> **Information shown**:
────────

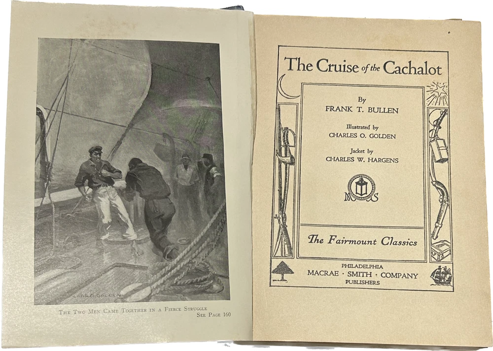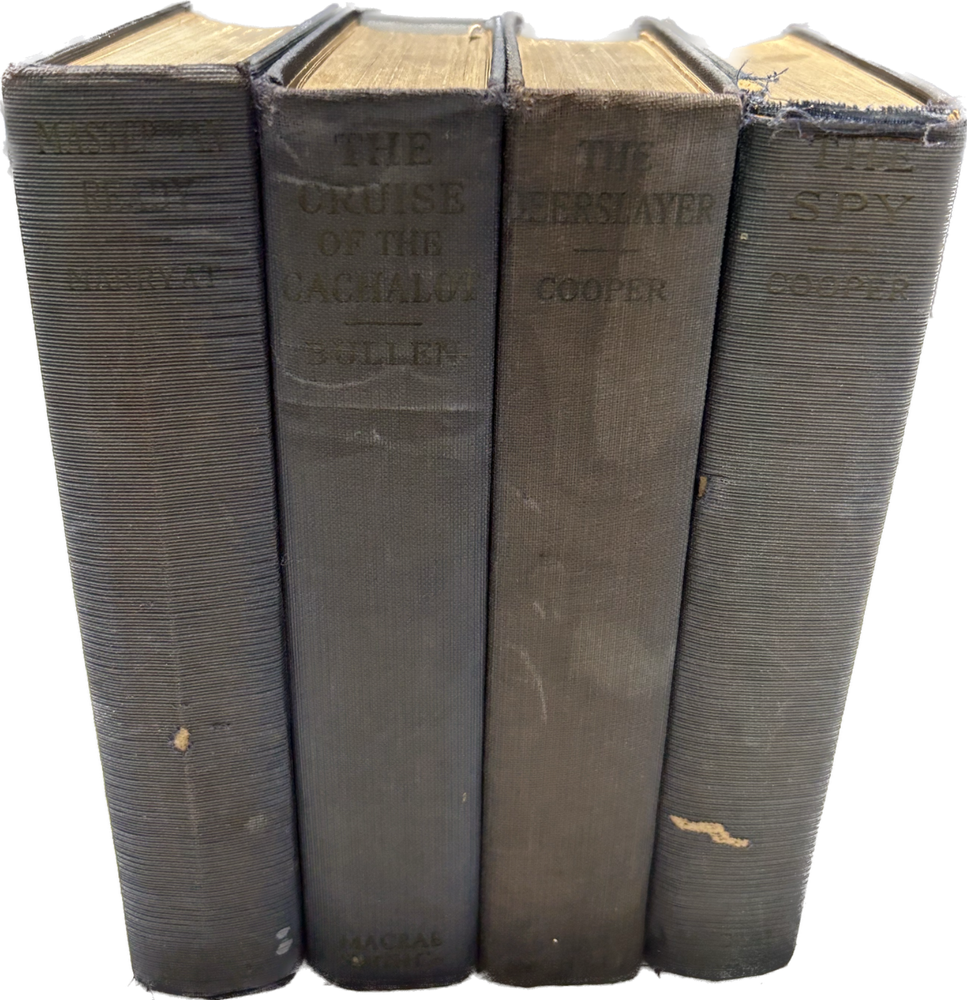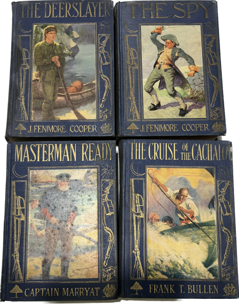 The Spy by J. Fenimore Cooper Illustrated by S Gordon. Published by Macrae Smith Co 437 Pages. Published 1821 The Deerslayer by J. Fenimore. Cooper. illustrated by Donald Humphrey. Published by Macrae Smith Co. 533 Pages Published 1930 The Cruise Of The Cachalot by Frank T Bullen. Illustrated by Charles O Golden. Published by Macrae Smith Co. 309 Pages Published 1929 The above 3 books are A FAIRMOUNT CLASSICS Books Masterman Ready by Captain Merryat Illustrated by Donald Humphrey. Published Macrae Smith Co. 378 Pages Was first published 1841. They were all written between 1841 - 1898 The front covers of these books are still with good color. The spines are faded and the pages are yellowed due to age. The backs are good except on book has white spots on the back cover. These books are very old and rare. Please let me know if you have any further questions. BS
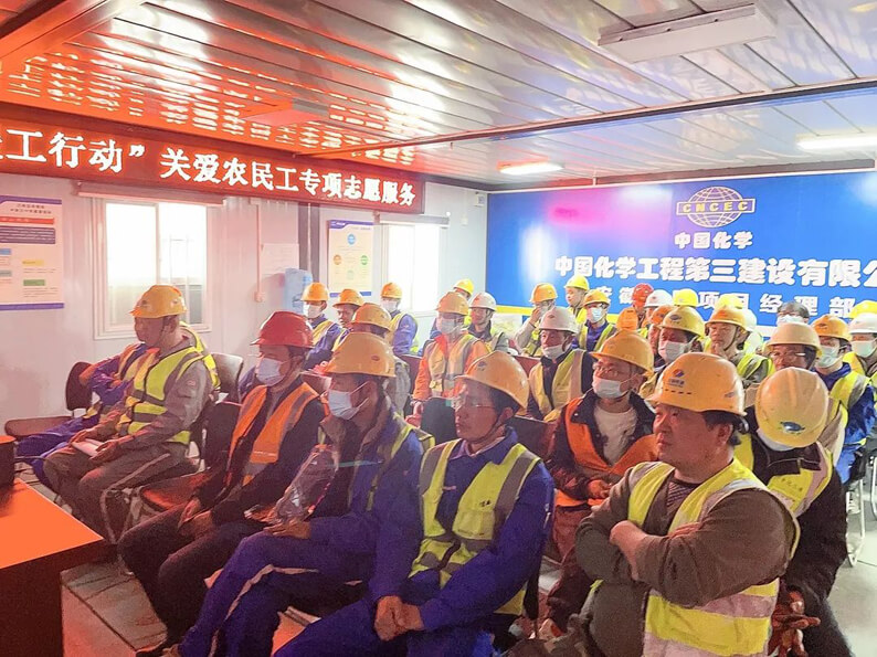 公司20多名青年志愿者踴躍報名、走進現(xiàn)場,開展普法宣傳、安全宣傳、二十大精神進基層以及愛心慰問等活動,向農(nóng)民工們宣傳治安防范、消防安全、勞動法規(guī)等與農(nóng)民工切身利益息息相關(guān)的法律知識,并結(jié)合實際,運用通俗易懂的語言,宣講黨的二十大報告精神。
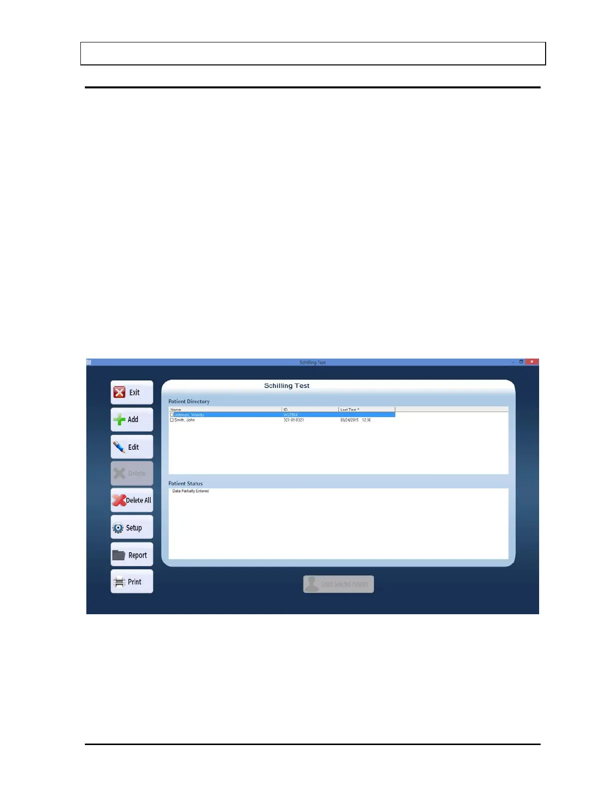 Figure 10-2 Schilling Test Main Screen will appear. The Patient Directory box will be empty
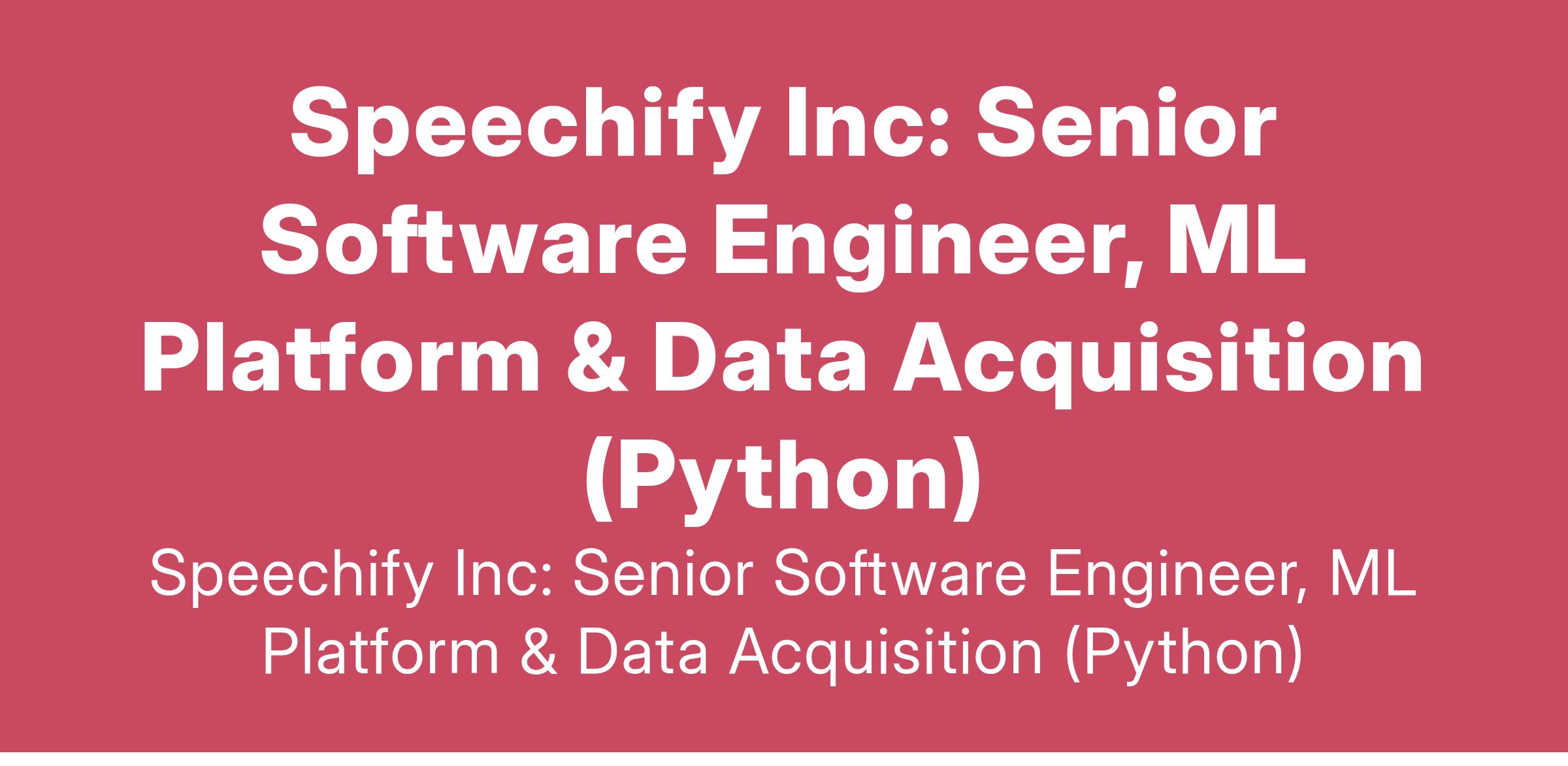 We're looking to hire for our Data Acquisition side of our AI team at Speechify. This role is responsible for all aspects of data collection to support our model training operations. We are able to build high-quality datasets at petabyte-scale and low cost through a tight integration of infrastructure, engineering, and research work. We are looking for a skilled Senior Software Engineer to join us.

────────

> **To do**: Print every line of the material exactly as written, but drop the pictures.

> **Exercise result**:
 The Spy by J. Fenimore Cooper Illustrated by S Gordon. Published by Macrae Smith Co 437 Pages. Published 1821 The Deerslayer by J. Fenimore. Cooper. illustrated by Donald Humphrey. Published by Macrae Smith Co. 533 Pages Published 1930 The Cruise Of The Cachalot by Frank T Bullen. Illustrated by Charles O Golden. Published by Macrae Smith Co. 309 Pages Published 1929 The above 3 books are A FAIRMOUNT CLASSICS Books Masterman Ready by Captain Merryat Illustrated by Donald Humphrey. Published Macrae Smith Co. 378 Pages Was first published 1841. They were all written between 1841 - 1898 The front covers of these books are still with good color. The spines are faded and the pages are yellowed due to age. The backs are good except on book has white spots on the back cover. These books are very old and rare. Please let me know if you have any further questions. BS
 公司20多名青年志愿者踴躍報名、走進現(xiàn)場,開展普法宣傳、安全宣傳、二十大精神進基層以及愛心慰問等活動,向農(nóng)民工們宣傳治安防范、消防安全、勞動法規(guī)等與農(nóng)民工切身利益息息相關(guān)的法律知識,并結(jié)合實際,運用通俗易懂的語言,宣講黨的二十大報告精神。
 Figure 10-2 Schilling Test Main Screen will appear. The Patient Directory box will be empty
 We're looking to hire for our Data Acquisition side of our AI team at Speechify. This role is responsible for all aspects of data collection to support our model training operations. We are able to build high-quality datasets at petabyte-scale and low cost through a tight integration of infrastructure, engineering, and research work. We are looking for a skilled Senior Software Engineer to join us.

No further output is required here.